RCN Northern Ireland director Pat Cullen said: “With around 2,800 vacant nursing posts in the HSC [Health and Social Care Board – the organisation that commissions health services in Northern Ireland], record levels of money being spent on agency staff to plug gaps and nurses’ pay sliding further and further behind the rest of the UK, our members have had enough. The concerns of nurses were raised again and again over a number of years, but this has continued to fall on deaf ears.

“The future of the HSC is now at a crossroads and we all wish to see a rapid solution to the patient safety crisis and the stark pay inequalities between those in Northern Ireland and the rest of the UK.”

Unison regional secretary Patricia McKeown suggested that patients and nursing staff were being “used as pawns in a political game”.

“Everyone with power and authority in this society has conceded that our cause is just. We have had ‘sympathy’ from the UK government through the Secretary of State, from all political parties that stood on our picket lines and from the leadership of the health service. But we have no resolution,” she said.
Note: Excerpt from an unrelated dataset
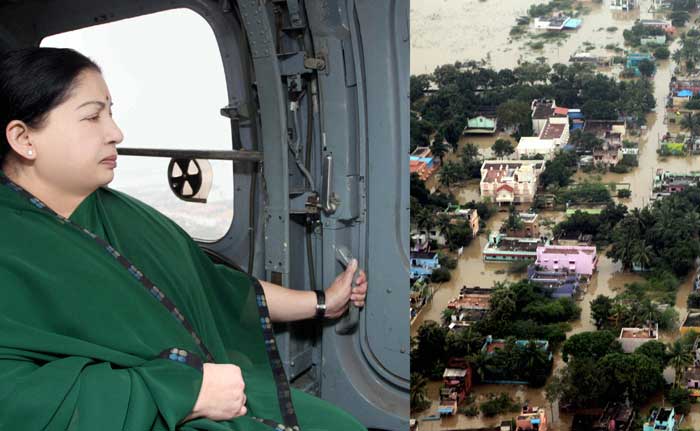 Tamil Nadu Chief Minister J Jayalalithaa conducts an aerial survey of rain hit areas of Chennai. (PTI Photo/DIPR)

A spokesperson for Northern Ireland’s Health and Social Care Board said: “All Health and Social Care organisations will continue to work alongside the unions to safeguard urgent and time critical care and to mitigate the effects of the disruption.

“This is a very stressful time for everyone involved in the delivery of services and we would ask anyone who is availing of HSC services to respect our staff who will be providing services during what will be an extremely challenging day for all.”